Convert UInt64 to Decimalype(38, 0) instead of DecimalType(20, 0) (Spark's default).

0.0.3 (2025-10-31)

Features

  • Added support for Clickhouse JDBC 0.9.2+.

    This allows using Array(T) for numeric T, like Int16, Int32, Int64, Float64.

    But Float32, Date, DateTime and Decimal are not supported, see issue.

  • Wrap with Nullable(T) Spark DataFrame columns with nullable = true.

    Caveat - Spark DataFrames created from ORC and Parquet files have all columns with nullable = true.
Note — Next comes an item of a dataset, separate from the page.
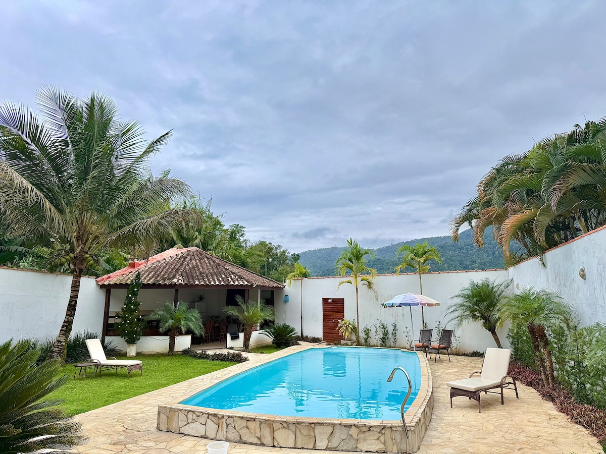 Casa arejada, quintal arborizado em meio a Mata Atlântica. Construção avarandada com vista para as montanhas e natureza. Um belo e amplo jardim com cerca. Ideal para receber seu pet que poderá brincar em segurança para que você não se preocupe em deixa-lo solto, perfeito para ficar sossegado.@Uma_Casinha fica situada aprox. 17 min do centro de Paraty e 2Km da via de acesso às famosas praias e cachoeiras de Trindade. Mercado e farmácia próximos. Delivery chega a porta. Há transporte público

Using:

    df.write.format("jdbc").option("createTableOptions", "ENGINE = ReplacingMergeTree() ORDER BY (col1)")

    will fail if col1 is nullable. Workaround:

    import pyspark.sql.functions as F
    
    # make column non-nullable with coalesce
    # F.lit(...) should contain value compatible with `col1` type
    df = df.withColumn("a", F.coalesce("a", F.lit(0)))

0.0.2 (2024-10-02)

Features

  • Allow writing ArrayType(TimestampType()) Spark column as Clickhouse's Array(DateTime64(6)).
  • Allow writing ArrayType(ShortType()) Spark column as Clickhouse's Array(Int16).

0.0.1 (2024-10-01)

First release! 🎉

This version includes custom Clickhouse dialect for Apache Spark 3.5.x, with following features:

  • support for writing Spark's ArrayType to Clickhouse. Currently only few types are supported, like ArrayType(StringType), ArrayType(ByteType), ArrayType(LongType), ArrayType(FloatType). Unfortunately, reading Arrays from Clickhouse to Spark is not fully supported for now.
  • fixed issue when writing Spark's TimestampType lead to creating Clickhouse table with DateTime64(0) instead of DateTime64(6), resulting a precision loss (fractions of seconds were dropped).
  • fixed issue when writing Spark's BooleanType lead to creating Clickhouse table with UInt64 column instead of Bool.